I also note that under Indiana Code Section 34-26-5-9(b)(1), (4), and (6), a protective order may be ordered to apply not only with respect to the person petitioning for the order, but also with respect to "each designated family or household member." I believe this is tacit recognition by the General Assembly that when a respondent has threatened a petitioner with harm, other persons living with the petitioner who may not have been directly threatened are nevertheless at risk of harm by the respondent. I also conclude that the statute permits a protective order to be issued for the benefit of persons living with a threatened person, even if the respondent did not directly threaten those other persons.

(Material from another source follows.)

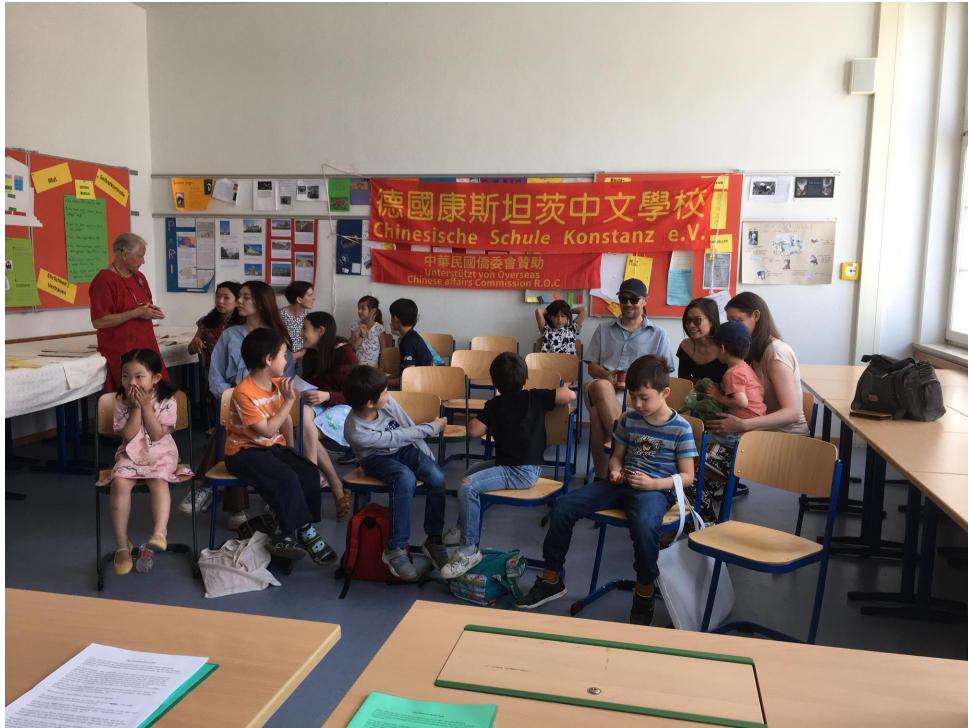
拿到粽子，小朋友笑顏逐開。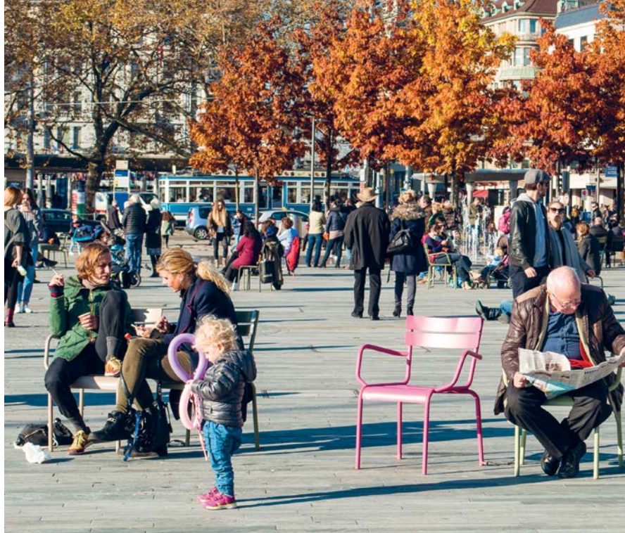
Sechseläutenplatz, Zurich.

With respect to the order prohibiting Tons from using or possessing a firearm, ammunition, or deadly weapon, I believe it is improper to rely on Garmene v. LeMasters, 743 N.E.2d 782 (Ind.Ct.App. 2001), as demonstrating there was insufficient evidence to issue such an order in this case. In Garmene, we construed and applied the predecessor to the current protective order act, which did not allow restrictions on the possession of firearms and deadly weapons unless a court found, by clear and convincing evidence, that the respondent posed a significant threat of inflicting serious bodily injury to the petitioner or a member of the petitioner's household or family. Id. at 786 (citing Ind. Code § 34-26-2-12, now repealed).

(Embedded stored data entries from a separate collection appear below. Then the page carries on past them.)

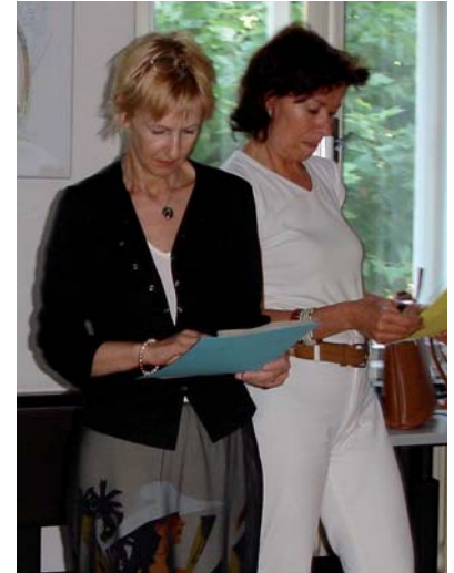
Teilnehmerinnen des Coachings beim «Lesen der Ernte»

Dabei ist eine Neuorientierung hin zu alternsgerechten, lebensphasenorientierten Arbeitsplätzen dringend angezeigt, die sowohl die Stärken, aber auch die Bedürfnisse in den verschiedenen Lebensabschnitten berücksichtigt. Die Entwicklung individueller Karrierepläne ist hier, vor allem für Frauen, von besonderer Wichtigkeit.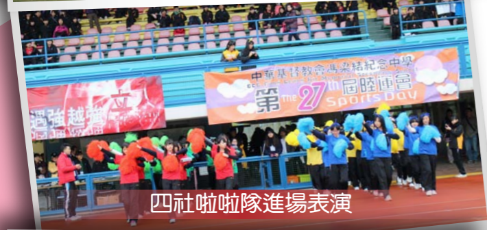
四社啦啦隊進場表演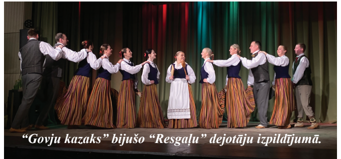
"Govju kazaks" bijušo "Resgaļu" dejojāju izpildījumā.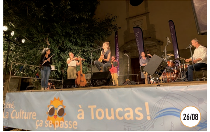
26/08 CONCERT DES VOIX DÉPARTEMENTALES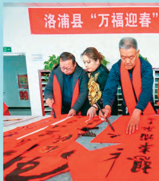
▲新疆洛浦县图书馆开展“万福迎春”写送春联活动,增进感情、促进民族团结。

春节期间,新疆各级党组织始终坚持以人民为中心的发展思想,充分发挥基层党组织战斗堡垒作用和党员先锋模范作用,时刻把人民群众安危冷暖放在心上,走基层、办实事、送温暖,着力保障和改善民生,及时回应群众诉求,让人民群众不断有新的获得感。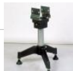
Pied support TPI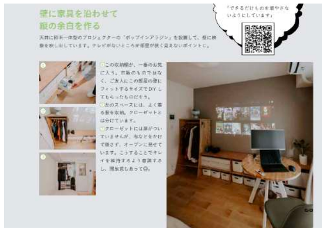
TOMOSに住む方のお部屋

誌面には、グッドルームが展開する無垢床リノベーションブランド「TOMOS（トモス）」や、敷金礼金0・家具家電付きのサブスク型賃貸「goodroom residence」に実際に住んでいる方の実例も多数掲載しています。インテリアのアイデアとしてはもちろん、理想の暮らしをイメージするための「お引越し前の物件選びの参考」としても、ぜひご活用ください。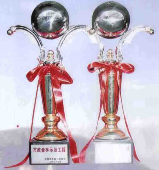
2002年荣获省市政协会“市政金杯示范工程”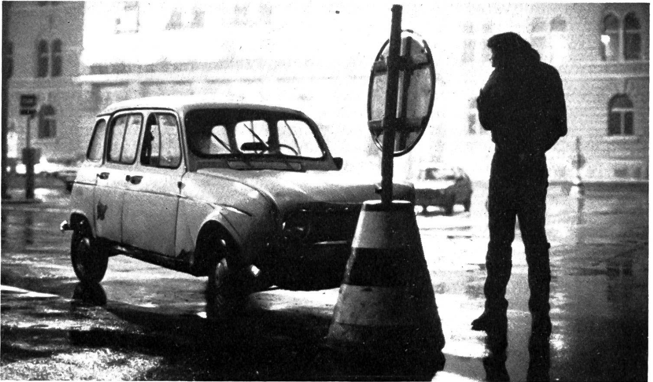
Amoklauf eines Spiessers.

lässt er das Studio, steigt in den Wagen und fährt Amok: einen kleinen zwar nur, einen, der sich in den gesellschaftlich gerade noch tolerierten Grenzen hält. Auch im Akt der Selbsterstörung vermag Max keine Grenzen zu sprengen. So ein Spiesser!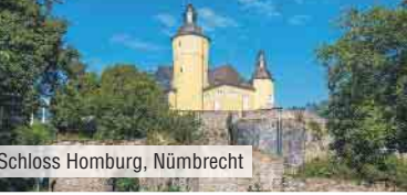
Schloss Homburg, Nümbrecht

Einzelzimmerzuschlag: 20 €/Nacht Kurtaxe: ca. 1 € pro Person/Nacht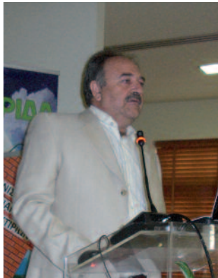
Του Προέδρου του ΣΠΤΜΤΕ/ΔΕΗ Κώστα Βαρσάμη

χώς δεν φαίνεται να είναι η καλύτερη για την Επιχείρησή μας.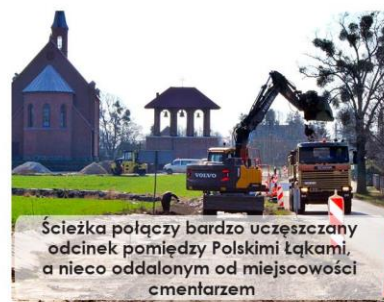
Ścieżka połączy bardzo uczęszczany odcinek pomiędzy Polskimi Łąkami, a nieco oddalonym od miejscowości cmentarzem

To jednak nie koniec dobrych informacji dla miłośników jednośladów. Gmina przygotowuje bowiem projekt budowy ponad 3-kilometrowego odcinka rowerowego biegnącego wzdłuż drogi wojewódzkiej nr 240, z Krupocina do Bramki. Jako, że to element większego planu naszego województwa są duże szanse na zewnętrzne finansowanie tej inwestycji.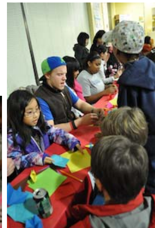
インターナショナル・カーニバル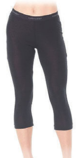
Oasis Legless dömu 10.990 kr.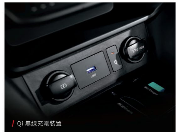
/ Qi 無線充電裝置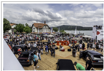
GTI-Treffen am Wörthersee.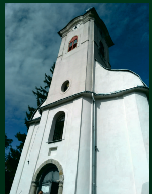
Nagyág Kisboldogasszony 15.00 órakor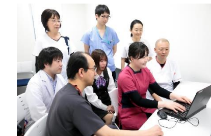
感染管理認定看護師 医師や薬剤師、検査技師など他職種とのチームで感染対策に対する活動も行っていきます。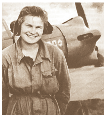
В.В. Терешкова в аэроклубе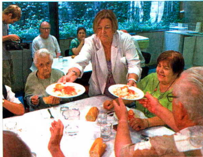
► Usuarios del comedor social del Espai Gent Gran Sant Antoni, ayer.

Crisis aparte, la realidad es que en Barcelona más de 50.000 personas de más de 75 años viven solas, y que cerca del 60% de los mayores cobran pensiones por debajo de los 600 euros. La combinación de pobreza y soledad es dramática entre este colectivo. Por eso, el ayuntamiento inauguró hace dos décadas su primer comedor social en Ciutat Vella integrado en un centro para mayores, una iniciativa que a la par que garantizar la alimentación pretende prevenir el riesgo de aislamiento en que viven algunos. El programa se ha ido extendiendo y a final de mes ya estará presente en todos los distritos merced a la inauguración de siete nuevos comedores. Eso supone 175 plazas más que aumentarán hasta cerca de 700 los menús que se ofrecerán a diario en los 20 equipamientos que dispondrán de este servicio.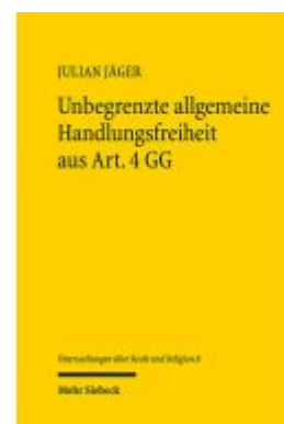
Unbegrenzte allgemeine Handlungsfreiheit aus Art. 4 GG Ladenpreis: 91,50EUR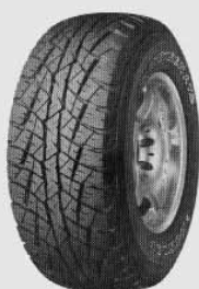
Шина для бездорожья «Грэнтрек АТ2» фирмы «Данлоп»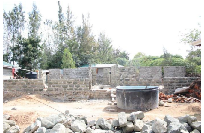
Etat des travaux en juillet 2014

Financés par Genève Ville Solidaire , ces trois ateliers regroupés sous un même toit permettront de former des jeunes apprentis à la soudure, la plomberie et la maçonnerie. Les ateliers seront opérationnels dès janvier 2015. Une classe de 12 apprentis ouvrira pour chaque formation. L'année suivante les effectifs seront doublés.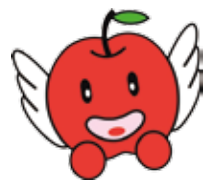
りんご「ふじ」のルーツ 青森県藤崎町 「産地直送りんごの販売」

The protective order statutory scheme is now completely different. There is no longer any requirement that a person seeking a protective order prove, by clear and convincing evidence, a significant threat of serious bodily injury before a respondent can be ordered not to possess firearms. Currently, Indiana Code Section 34-26-5-9(c)(4) provides that a court may, after notice and a hearing, "[p]rohibit a respondent from using or possessing a firearm, ammunition, or a deadly weapon specified by the court. . . ." Additionally, Section 34-26-5-9(f) provides:
A finding that domestic or family violence has occurred sufficient to justify the issuance of an order under this section means that a respondent represents a credible threat to the safety of a petitioner or a member of a petitioner's household. Upon a showing of domestic or family violence by a preponderance of the evidence, the court shall grant relief necessary to bring about a cessation of the violence or the threat of violence. The relief may include an order directing a respondent to surrender to a law enforcement officer or agency all firearms, ammunition, and deadly weapons:
(1) in the control, ownership, or possession of a respondent; or
(2) in the control or possession of another person on behalf of a respondent; for the duration of the order for protection unless another date is ordered by the court.

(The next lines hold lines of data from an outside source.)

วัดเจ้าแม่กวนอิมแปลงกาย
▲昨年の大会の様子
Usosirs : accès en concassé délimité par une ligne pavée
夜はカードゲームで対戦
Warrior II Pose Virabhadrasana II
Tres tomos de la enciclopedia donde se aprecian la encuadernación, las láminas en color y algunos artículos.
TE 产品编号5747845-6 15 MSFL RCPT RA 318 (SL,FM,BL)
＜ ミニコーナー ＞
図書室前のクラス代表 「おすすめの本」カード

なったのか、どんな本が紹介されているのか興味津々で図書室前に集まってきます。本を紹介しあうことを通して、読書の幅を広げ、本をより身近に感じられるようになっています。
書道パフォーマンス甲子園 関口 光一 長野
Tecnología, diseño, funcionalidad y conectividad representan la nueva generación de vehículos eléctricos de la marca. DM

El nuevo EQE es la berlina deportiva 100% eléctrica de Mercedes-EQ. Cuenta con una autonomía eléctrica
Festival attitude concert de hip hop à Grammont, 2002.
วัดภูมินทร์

In my view, under the current scheme all that is needed to support an order prohibiting the possession of firearms or deadly weapons is a finding, by a preponderance of the evidence, that the respondent poses a credible threat to the safety of a petitioner or member of the petitioner's household, which is identical to what is needed to order the issuance of a protective order in the first place. There need be no separate evidence and finding specifically relating to firearms and weapons and a substantial threat of serious bodily injury. In this particular case, I am convinced in any event that given Tons' previously demonstrated violent tendencies, the trial court may reasonably have concluded that prohibiting Tons from possessing firearms or dangerous weapons was necessary to diminish the threat of violence to Travis, Barbara, and Brian.
I would affirm the trial court's order in its entirety.